# garden bench restore



## danyankee425 (Apr 10, 2011)

I've aquired an old garden bench with rought iron sides and a rought iron insert on the back. the seat is made of slats 1x3 and the back is made like a picture frame holding the rought iron insert. my question is what would be the best wood for the bench slats , I would like to keep it natural or stain, depending on the wood color and patternof the grain. I plan to keep it out doors in the garden , pressure treated is not an option.


----------



## tcleve4911 (Dec 16, 2006)

I just did one with Mahogany decking ripped into 2-3/4" slats
IPE would finish up nicely also.


----------



## danyankee425 (Apr 10, 2011)

thanks guys, mahogany is my favorite wood , i love how it looks sealed or stained a bit red. was thinking the same thingfor the bench,, my dad used it to redeck our wood boat. thanks again


----------



## cabinetman (Jul 5, 2007)

Some choices...Teak, Redwood, Cypress, Cedar, White Oak, and as suggested Ipe (very hard).
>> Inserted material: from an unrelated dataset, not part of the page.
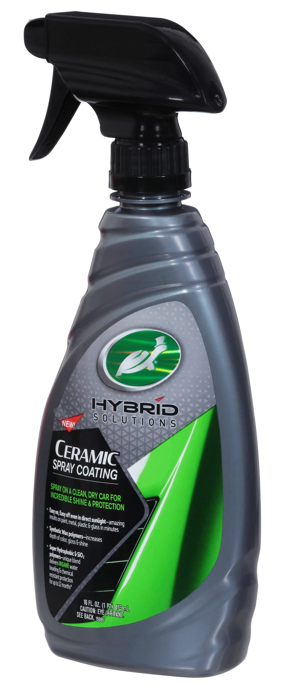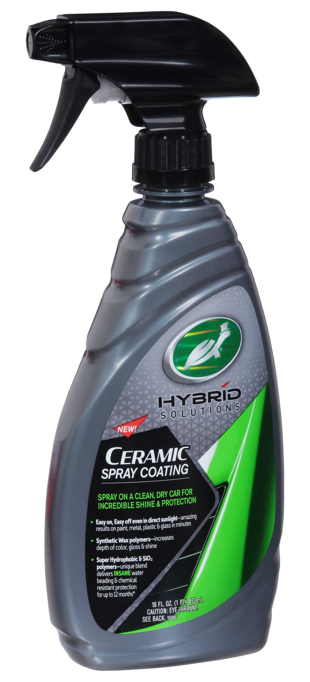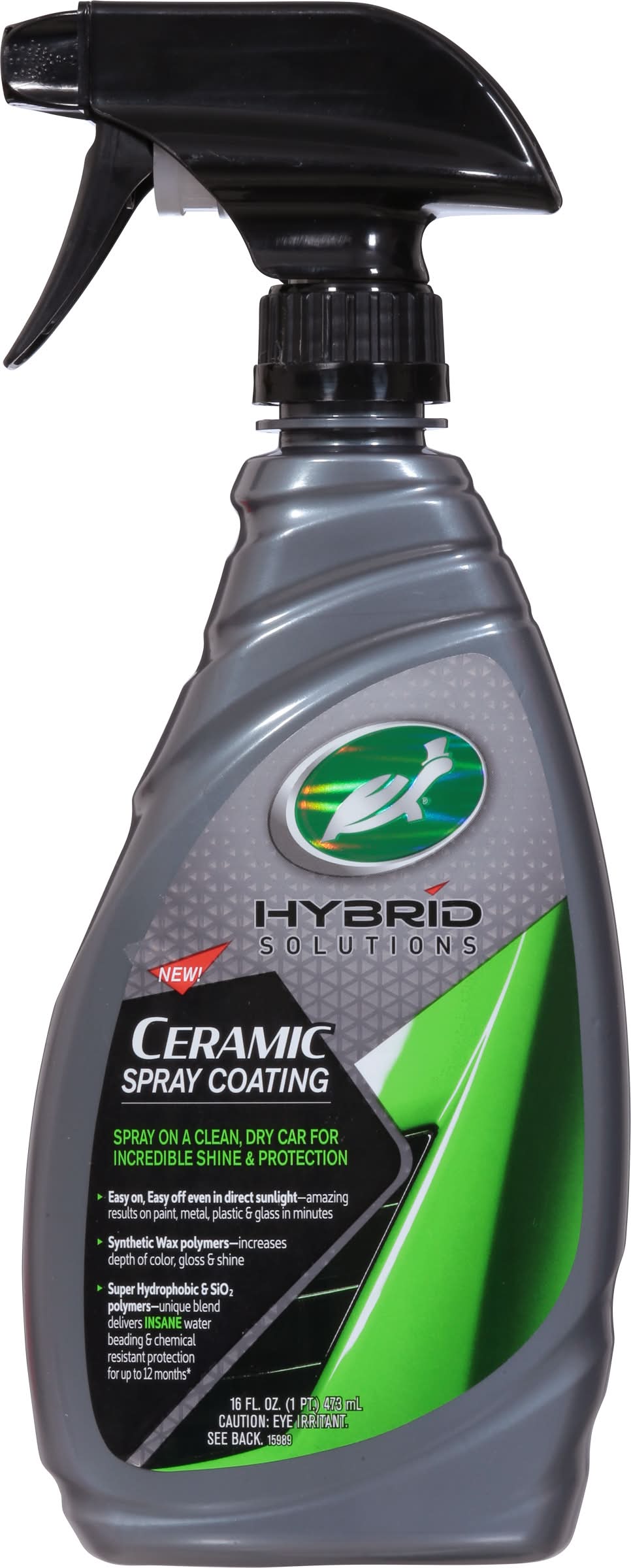 New! Spray On A Clean, Dry Car for Incredible Shine & Protection: Easy on, Easy off even in direct sunlight - amazing results on paint, metal, plastic & glass in minutes. Synthetic Wax polymers - increases depth of color, gloss & shine. Super Hydrophobic & SiO2 polymers - Unique blend delivers insane water beading & chemical resistant protection for up to 12 months (For best performance paint should be free of oxidation and surface contaminants. Clay or polish finish first if needed. Apply a second coat for 12 months of protection. Use a damp microfiber cloth to remove high spots/streaking). Incredible coating can help surfaces stay cleaner longer. Superior shine, glass, and depth of color from synthetic wax. Durable protection from SiO2 infusion. Repel Water & Contaminants with super hydrophobic polymers. www.turtlewax.com. Connect with car care experts: www.turtlewax.com. 1-800-887-8539. Made in USA.

I wouldn't use Red Oak. Honduras Mahogany, or Cuban Mahogany would work, but will show weathering fairly fast. I wouldn't use any film type finishes. Pure Tung Oil, or Penofin will work good.












 







.


----------



## tcleve4911 (Dec 16, 2006)

Good choices Cab man
I agree with the oak ........never ever ever outside..........:no:


----------